In [2]: argo_loader = ArgoDataFetcher().region([-75,-55,30.,40.,0,100., '2011-01-01', '2011-01-15'])

In [3]: ds_points = argo_loader.to_xarray()

In [4]: ds_points
Out[4]: 
<xarray.Dataset>
Dimensions:                (N_POINTS: 524)
Coordinates:
  * N_POINTS               (N_POINTS) int64 0 1 2 3 4 5 ... 519 520 521 522 523
    LATITUDE               (N_POINTS) float64 37.28 37.28 37.28 ... 33.07 33.07
    LONGITUDE              (N_POINTS) float64 -66.77 -66.77 ... -64.59 -64.59
    TIME                   (N_POINTS) datetime64[ns] 2011-01-02T11:14:06 ... ...
Data variables: (12/13)
    CONFIG_MISSION_NUMBER  (N_POINTS) int32 1 1 1 1 1 1 1 ... 13 13 13 13 13 13
    CYCLE_NUMBER           (N_POINTS) int32 150 150 150 150 150 ... 13 13 13 13
    DATA_MODE              (N_POINTS) <U1 'D' 'D' 'D' 'D' ... 'D' 'D' 'D' 'D'
    DIRECTION              (N_POINTS) <U1 'A' 'A' 'A' 'A' ... 'A' 'A' 'A' 'A'
    PLATFORM_NUMBER        (N_POINTS) int32 4900803 4900803 ... 5903377 5903377
    POSITION_QC            (N_POINTS) int32 1 1 1 1 1 1 1 1 ... 1 1 1 1 1 1 1 1
    ...                     ...
    PRES_QC                (N_POINTS) int32 1 1 1 1 1 1 1 1 ... 1 1 1 1 1 1 1 1
    PSAL                   (N_POINTS) float64 36.67 36.67 36.67 ... 36.67 36.67
    PSAL_QC                (N_POINTS) int32 1 1 1 1 1 1 1 1 ... 1 1 1 1 1 1 1 1
    TEMP                   (N_POINTS) float64 19.46 19.47 19.47 ... 19.2 19.2
    TEMP_QC                (N_POINTS) int32 1 1 1 1 1 1 1 1 ... 1 1 1 1 1 1 1 1
    TIME_QC                (N_POINTS) int32 1 1 1 1 1 1 1 1 ... 1 1 1 1 1 1 1 1
Attributes:
    DATA_ID:              ARGO
    DOI:                  http://doi.org/10.17882/42182
    Fetched_from:         https://erddap.ifremer.fr/erddap
    Fetched_by:           docs
    Fetched_date:         2022/11/17
    Fetched_constraints:  [x=-75.00/-55.00; y=30.00/40.00; z=0.0/100.0; t=201...
    Fetched_uri:          ['https://erddap.ifremer.fr/erddap/tabledap/ArgoFlo...
    history:              Variables filtered according to DATA_MODE; Variable...

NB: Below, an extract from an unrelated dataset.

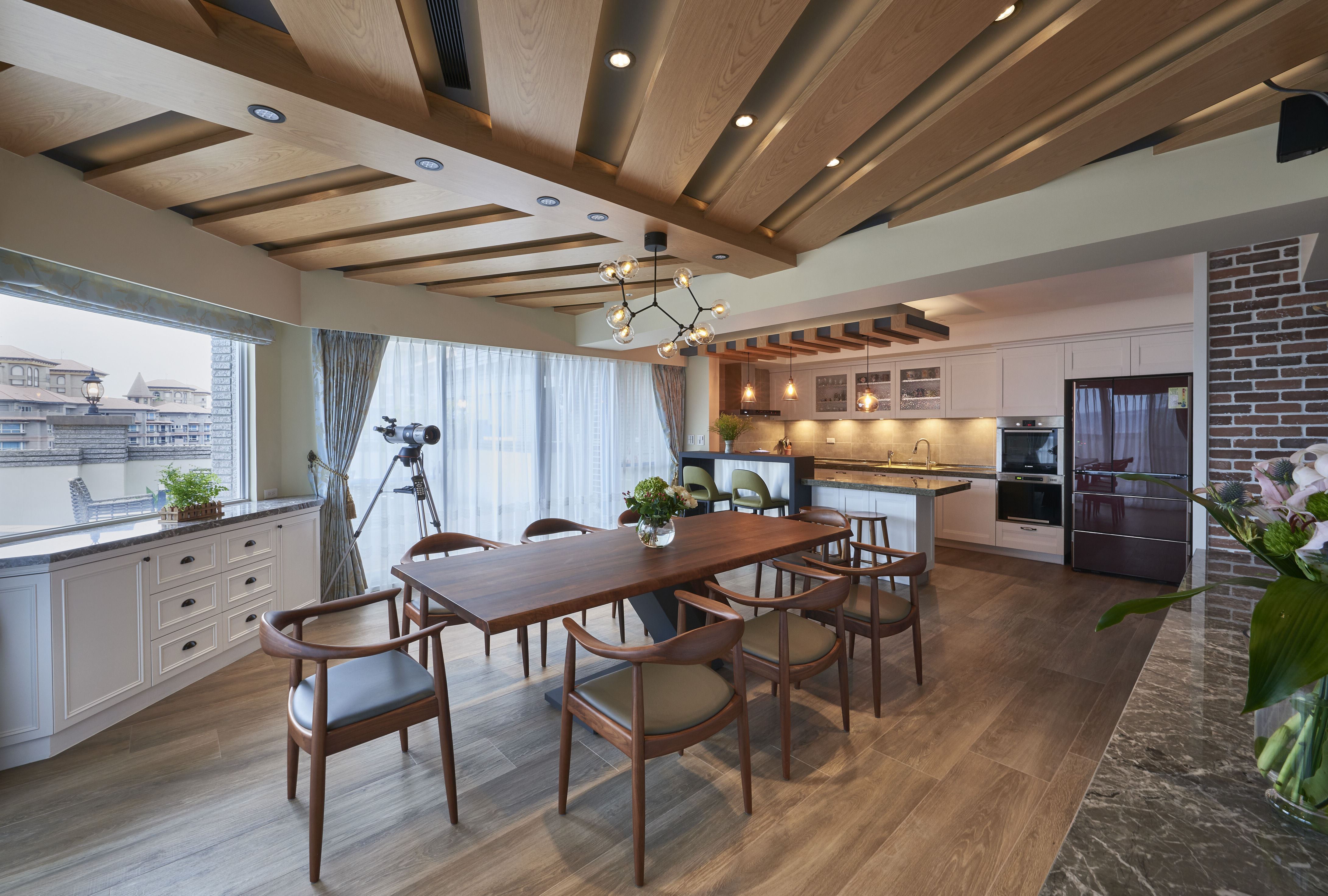 原是中古屋的樓中樓,在經由設計師的巧思重塑,挹注美式風加以改造後,不僅讓室內每個場域都萬分精彩,更搭配著日夜皆美的戶外景致,讓住宅也能坐擁景觀餐廳般的絕美視野,快跟著小編一起來看看吧! 公領域,透過透空的電視牆取代實牆,將客廳、餐廚區予以串聯,創造回字型的自由動線,並在牆面復古紅磚的砌築下,形成與窗外藍天的趣味對比,天花造型亦充滿著界定意味,於客廳採用俐落框架、用餐區則選用木作鋪敘,締造二者之間的不同氛圍;寢臥空間內,融入了細膩的美式新古典韻味,展演出場域的優雅之姿,藉由壁紙凝聚立面質感,搭佐漸進式的起居動線,完善生活中的每個使用時刻;同時善用廳區樓梯上方的挑高地帶,以獨特的格局及位置,打造出休憩兼書房領域,且配置大容量的書牆設定,使空間猶如國外圖書館般美輪美奐! 小編的最愛 多面向的落地開窗,讓室內可隨時坐享自然美景,而庭院外,則運用桌椅擺設、露天 spa池、木地板等元素,營造出充滿度假感的場景,讓人不必出遠門,也能在家享受異國午茶時光!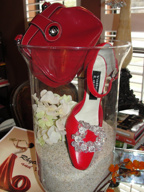 I decided to have some fun with the whole fashion theme and come up with some Fashion Show Centerpieces that I thought would be amazing "using what I have." What do you think??

If you prefer to work with a 2D array collection of vertical profiles, simply transform the dataset with Dataset.argo.point2profile():

In [5]: ds_profiles = ds_points.argo.point2profile()

In [6]: ds_profiles
Out[6]: 
<xarray.Dataset>
Dimensions:                (N_PROF: 18, N_LEVELS: 50)
Coordinates:
  * N_PROF                 (N_PROF) int64 7 13 15 0 6 2 9 ... 12 10 17 3 8 14 16
  * N_LEVELS               (N_LEVELS) int64 0 1 2 3 4 5 6 ... 44 45 46 47 48 49
    LATITUDE               (N_PROF) float64 37.28 33.98 32.88 ... 34.39 33.07
    LONGITUDE              (N_PROF) float64 -66.77 -71.17 ... -72.75 -64.59
    TIME                   (N_PROF) datetime64[ns] 2011-01-02T11:14:06 ... 20...
Data variables: (12/13)
    CONFIG_MISSION_NUMBER  (N_PROF) int32 1 1 11 1 1 1 0 1 1 1 1 1 1 2 1 1 1 13
    CYCLE_NUMBER           (N_PROF) int32 150 3 11 100 180 ... 62 148 151 4 13
    DATA_MODE              (N_PROF) <U1 'D' 'D' 'D' 'D' 'D' ... 'D' 'D' 'D' 'D'
    DIRECTION              (N_PROF) <U1 'A' 'A' 'A' 'A' 'A' ... 'A' 'A' 'A' 'A'
    PLATFORM_NUMBER        (N_PROF) int32 4900803 4901218 ... 4901218 5903377
    POSITION_QC            (N_PROF) int32 1 1 1 1 1 1 1 1 1 1 1 1 1 1 1 1 1 1
    ...                     ...
    PRES_QC                (N_PROF) int32 1 1 1 1 1 1 1 1 1 1 1 1 1 1 1 1 1 1
    PSAL                   (N_PROF, N_LEVELS) float64 36.67 36.67 ... 36.67 nan
    PSAL_QC                (N_PROF) int32 1 1 1 1 1 1 1 1 1 1 1 1 1 1 1 1 1 1
    TEMP                   (N_PROF, N_LEVELS) float64 19.46 19.47 ... 19.2 nan
    TEMP_QC                (N_PROF) int32 1 1 1 1 1 1 1 1 1 1 1 1 1 1 1 1 1 1
    TIME_QC                (N_PROF) int32 1 1 1 1 1 1 1 1 1 1 1 1 1 1 1 1 1 1
Attributes:
    DATA_ID:              ARGO
    DOI:                  http://doi.org/10.17882/42182
    Fetched_from:         https://erddap.ifremer.fr/erddap
    Fetched_by:           docs
    Fetched_date:         2022/11/17
    Fetched_constraints:  [x=-75.00/-55.00; y=30.00/40.00; z=0.0/100.0; t=201...
    Fetched_uri:          ['https://erddap.ifremer.fr/erddap/tabledap/ArgoFlo...
    history:              Variables filtered according to DATA_MODE; Variable...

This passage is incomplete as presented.